С возвышенности им было видно, как ездовой, привстав, вожжами нахлестывает лошадь; угнув морду, роняя пену, она наддает, аж грива вроде бы развевается, колеса вихляют, бричку на выбоинах заносит то туда, то сюда. Капитан Колотилин что-то проговорил, совсем уж оживясь, — сердито, зло проговорил, однако на этот раз Воронков не разобрал слов, лишь по движению полных, сочных губ мог догадаться: матерится либо в лучшем случае поминает черта. Да как не выругаться, ежели дурья башка правит прямиком под артминобстрел?

Комбат даже погрозил погонявшему лошадь обознику-старикану. Ну и старикан! Разрыв позади брички, разрывы справа, слева. Этак и вмазать недолго.

— Сколько я уж их, дьяволов, приучал: при обстреле — в укрытия! — крикнул комбат опять в ухо Воронкову. — Так нет же, находятся вояки…

«И немцы приучали, — мысленно дополнил его Воронков. — Да тоже, видать, не приучили… Ах, славянская душа: авось пронесет…»

Не пронесло: перед бричкой взметнулся огонь, дымом на миг прикрыло ее, а когда рассеялось, они увидели: коняга, шатаясь, волочила бричку. Ездовой невредим, потому что затем соскочил на землю, подбежал к лошади, зашагал рядом, нагнувшись, рассматривая ее. А она протащилась еще сколько-то и рухнула вместе с оглоблями.

Комбат сорвался с пригорка, скачками побежал к ездовому. Помешкав, и Воронков затрусил следом, припадая на больную ногу. Тут ходить-то не расходишься, а бежать — вовсе худо. Но от комбата отставать неловко, он старался ковылять порезвей.

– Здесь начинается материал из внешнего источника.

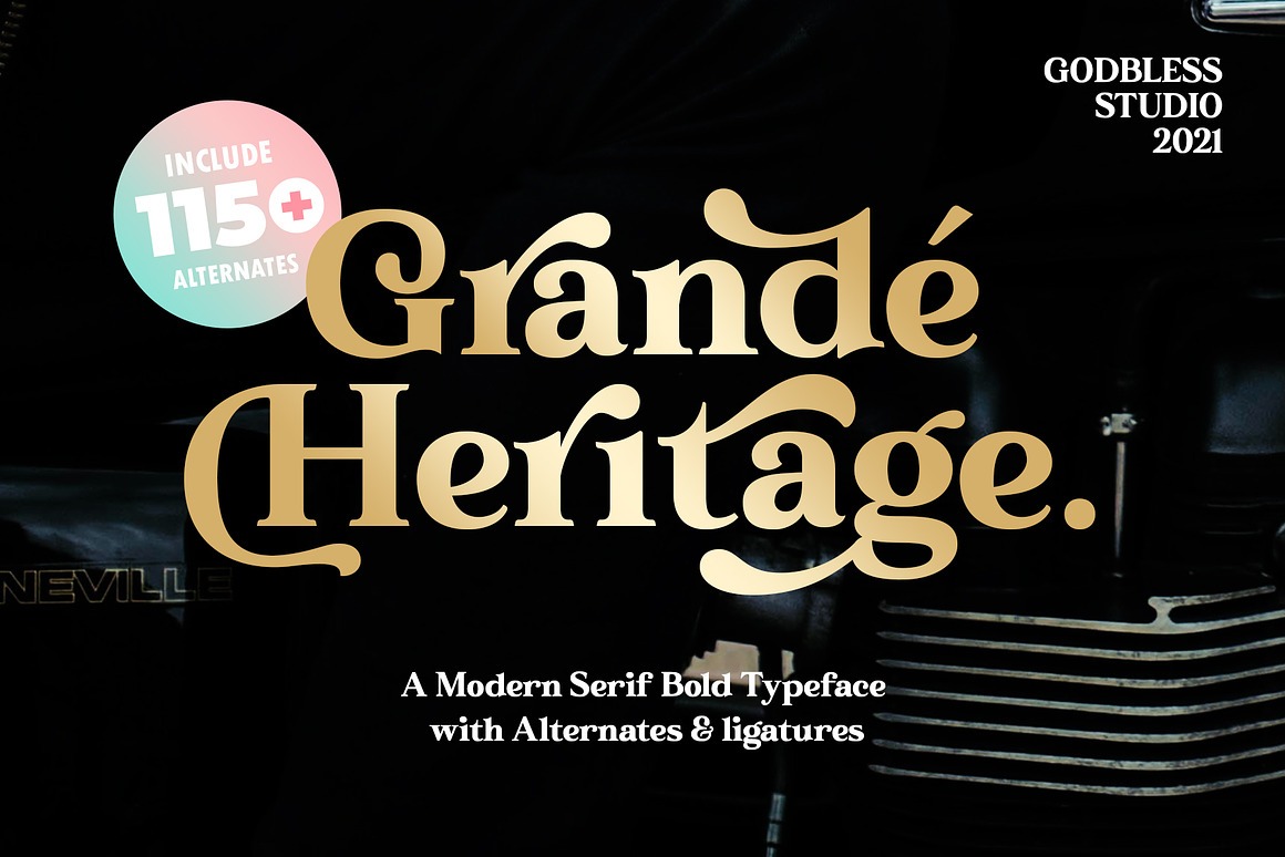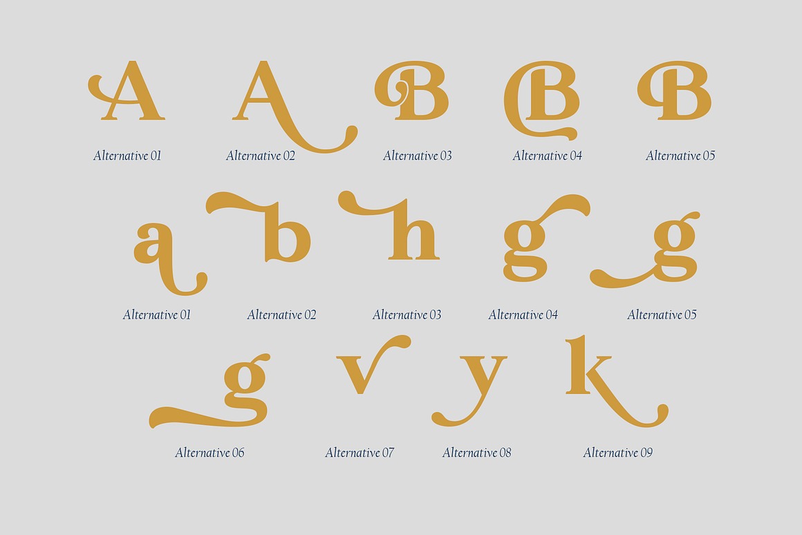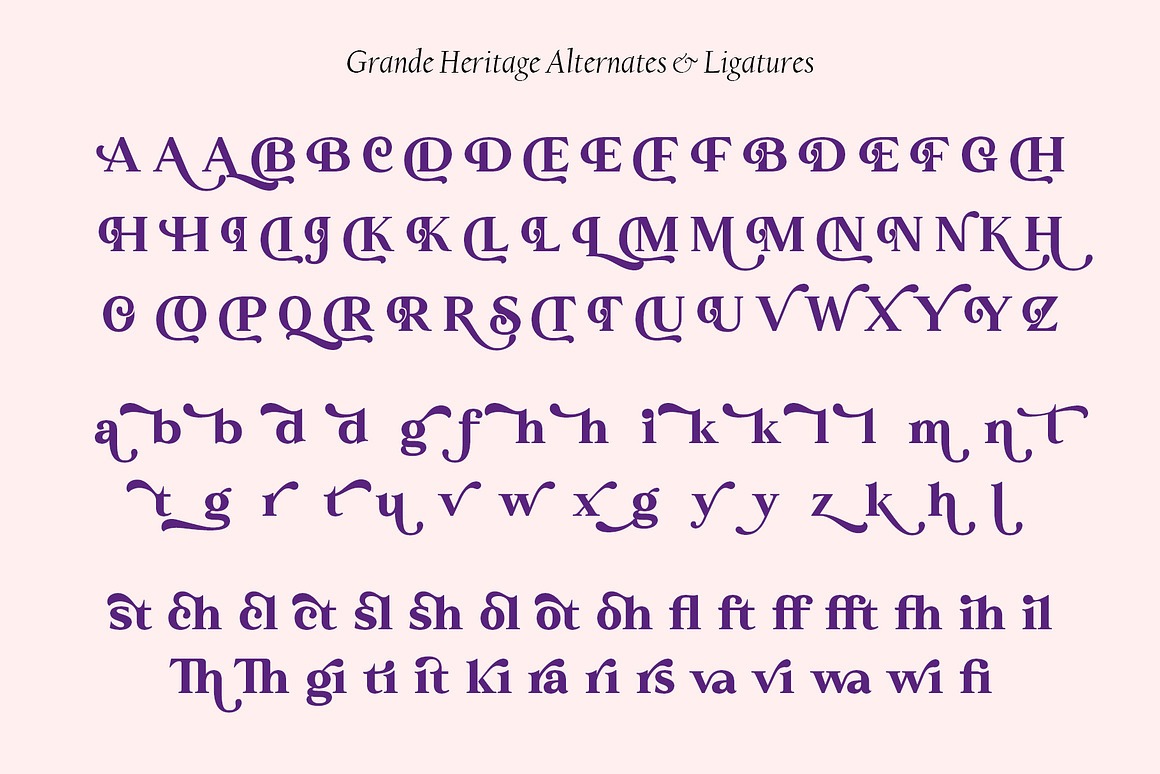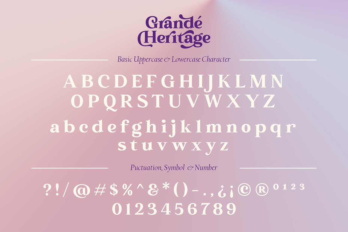 Grande Heritage is a very versatile font, unique modern serif bold typeface with loads of style font that uses ligatures and many alternates. You will get classy, elegant, and certainly unique logos with this font. it is perfect for handling design jobs that cover a wide range of types such as elegant projects, luxurious branding, wedding invitations, poster design and so on. Grande Heritage is also included full set of: Uppercase & Lowercase letters Stylistic Alternates Character Multilingual characters Numerals Punctuation Ligatures Collection.

И к месту происшествия они подбежали почти что одновременно.

Может, это и было глупостью: кругом разрывы, а они стоят возле брички, и капитан костерит седоусого, сутулого ефрейтора с виновато поникшей головой, — поношенная, выцветшая пилотка наползала ему на глаза, из коротких рукавов вылезают руки-оглобли. Но самая, конечно, большая глупость — что старикан очертя голову попер в пекло. Что же заставило? Капитан Колотилин и спросил его об этом. Старикан что-то залопотал, его прервали:

— Кричи громче… твою душу… мать!

Как ни провинился ездовой, не надо бы так: в отцы комбату годится. Да и такой жалкий, потерянный. Хорошо, что, кажется, не ранен, не контужен. Напрягая жилы на изжеванной морщинами шее, вытягивая корявые темные руки по швам и пытаясь выпрямить сутулую спину по стойке «смирно», ездовой прохрипел: дескать, командир хозвзвода приказали доставить на передок махру, сахар и хлеб, чтоб, значится, к девятнадцати ноль-ноль, как штык, вот он и боялся опоздать.

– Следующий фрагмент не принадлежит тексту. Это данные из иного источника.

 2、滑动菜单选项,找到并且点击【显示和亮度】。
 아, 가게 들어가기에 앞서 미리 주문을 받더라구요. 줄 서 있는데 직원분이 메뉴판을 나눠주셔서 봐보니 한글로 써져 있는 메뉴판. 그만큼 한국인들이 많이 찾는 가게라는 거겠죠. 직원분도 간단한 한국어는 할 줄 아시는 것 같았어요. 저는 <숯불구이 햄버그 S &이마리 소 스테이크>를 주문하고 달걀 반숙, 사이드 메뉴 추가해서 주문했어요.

— Ладно, — сказал комбат, — разберусь. Иди покличь кого в траншее. Бричку заволочь в укрытие…

— Есть! — Ефрейтор шаркающей трусцой зарысил к изгибу траншеи.

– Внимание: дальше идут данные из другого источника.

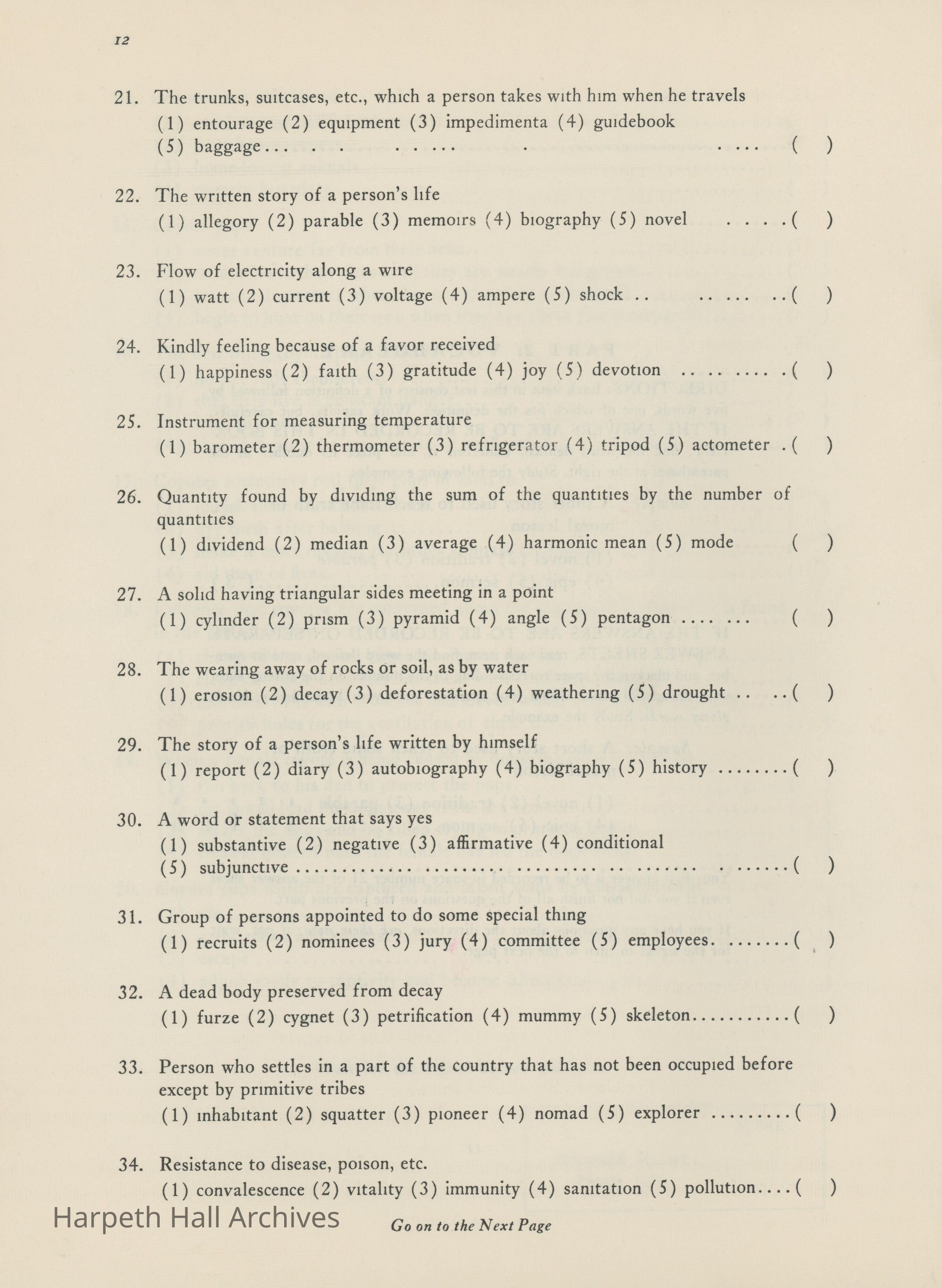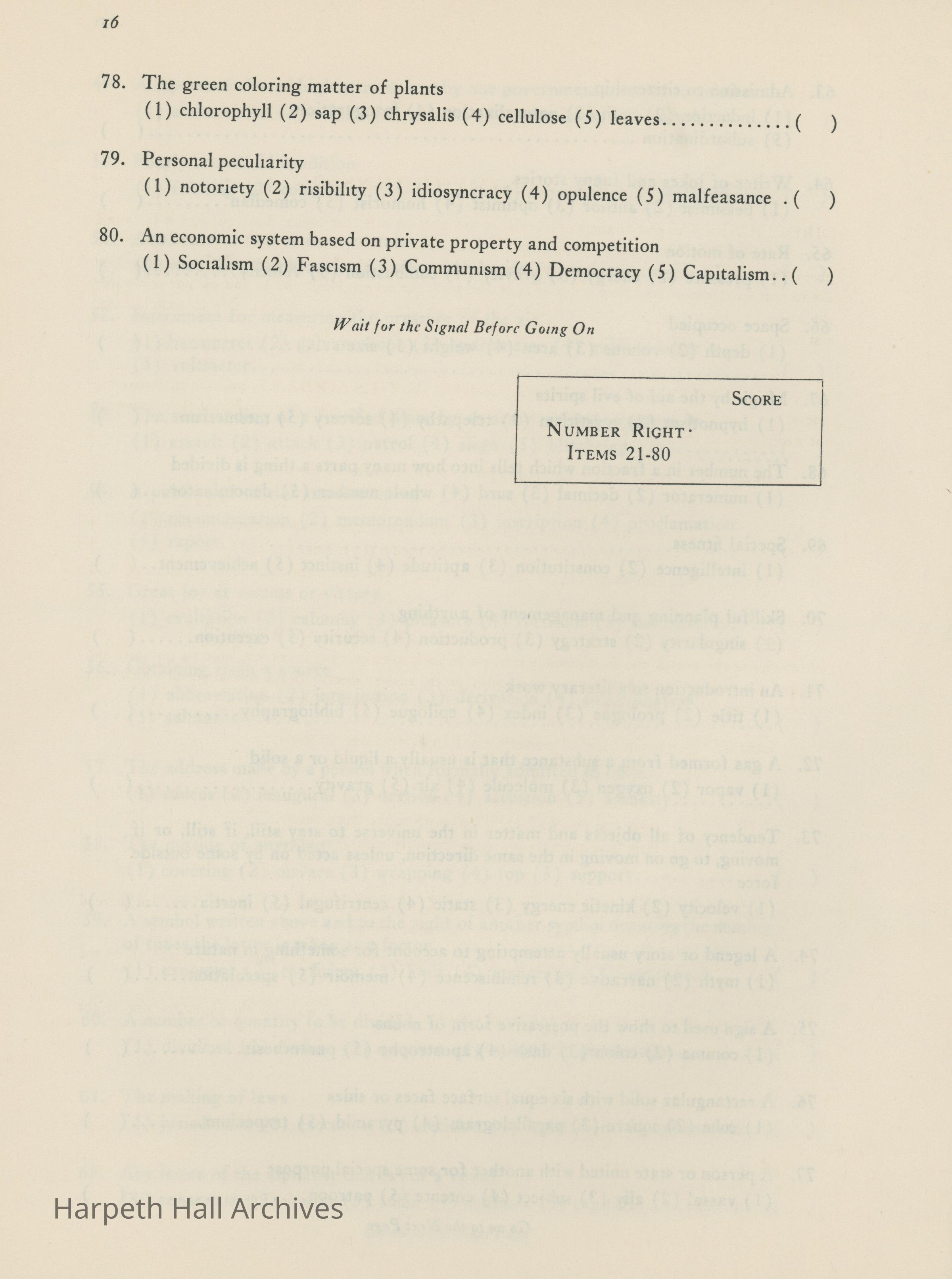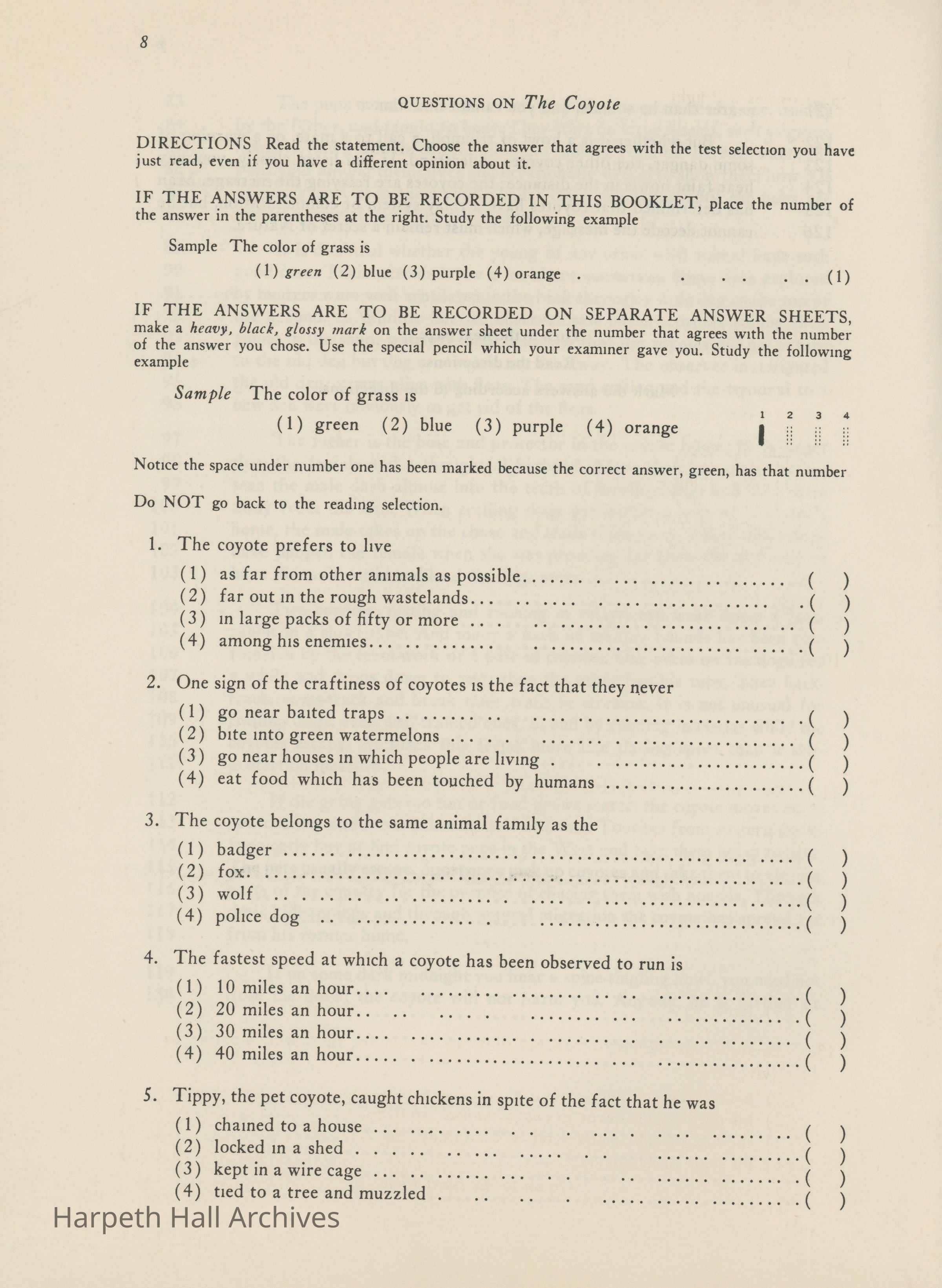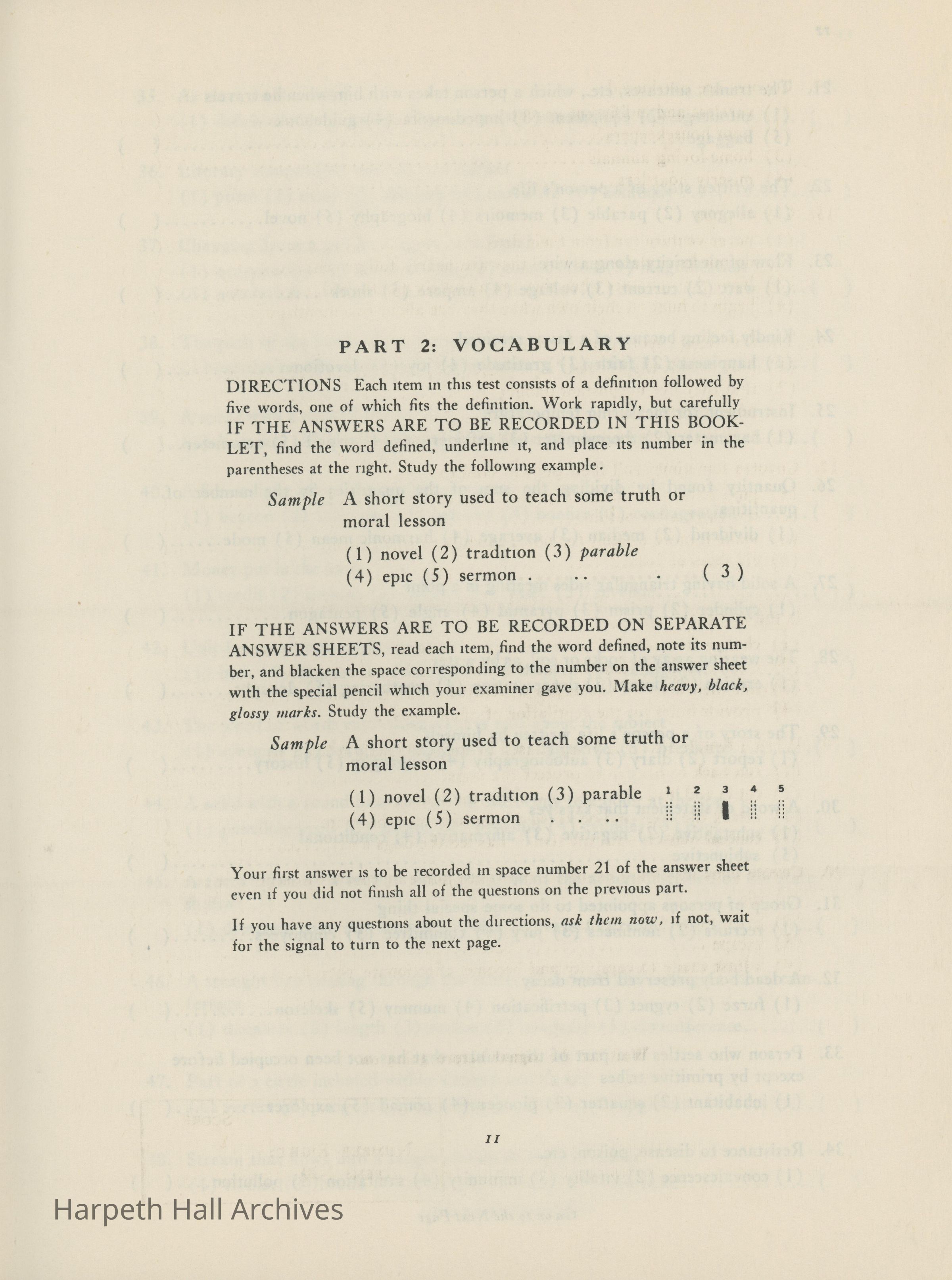 The diagnostic reading tests survey section packet used by Ward-Belmont students.

— А тебе, лейтенант, пристрелить кобылу. Дабы зря не мучилась…

Воронков и сам понимал, что лошадь не жилица: осколки пробили ей грудь, под лошадью уже натекла лужа крови, уже сводило судорогой ноги и копыта скребли землю. Монголка тоже понимала: раны смертельные, и из глаз ее, еще живых, потекли словно мертвые слезы. Лошадь плакала, у пораженного Воронкова мелькнуло: а вот смертельно раненные люди перед кончиной не плакали, не помню иного случая, да, да, точно, умирали без слез.

— Не буду стрелять, товарищ капитан, — сказал Воронков.

— Рука, что ли, не поднимается?

— Не поднимается, товарищ капитан…

Комбат то ли улыбнулся, то ли усмехнулся с какой-то загадочностью, но затем лицо его приняло прежнее выражение — спокойное, холодное, даже безразличное.

Приковылял ездовой с двумя мелкими, шустрыми солдатиками — принялись распрягать лошадь. Она приподняла голову, словно пособляя тем самым снять с себя хомут, тут же уронила; из карих глаз, скорбных и незрячих из-за страданья, продолжали выкатываться слезы, по буро-черной шее пробегала дрожь — так лошади отгоняют слепней, но смерть так не отгонишь, и дрожь и судорога волной проходили по крупу, чтобы опять зародиться на коже окровавленной шеи.

— Пристрелить! — кинул комбат троице. Ефрейтор отвернулся, один из шустрых солдатиков-недоростков суетливо перекинул автомат из-за спины на грудь, суетливо перевел на одиночные выстрелы, приставил дуло к лошадиному уху, нажал на спусковой крючок все с той же поспешностью. Массивная голова мотнулась и замерла. Теперь навсегда.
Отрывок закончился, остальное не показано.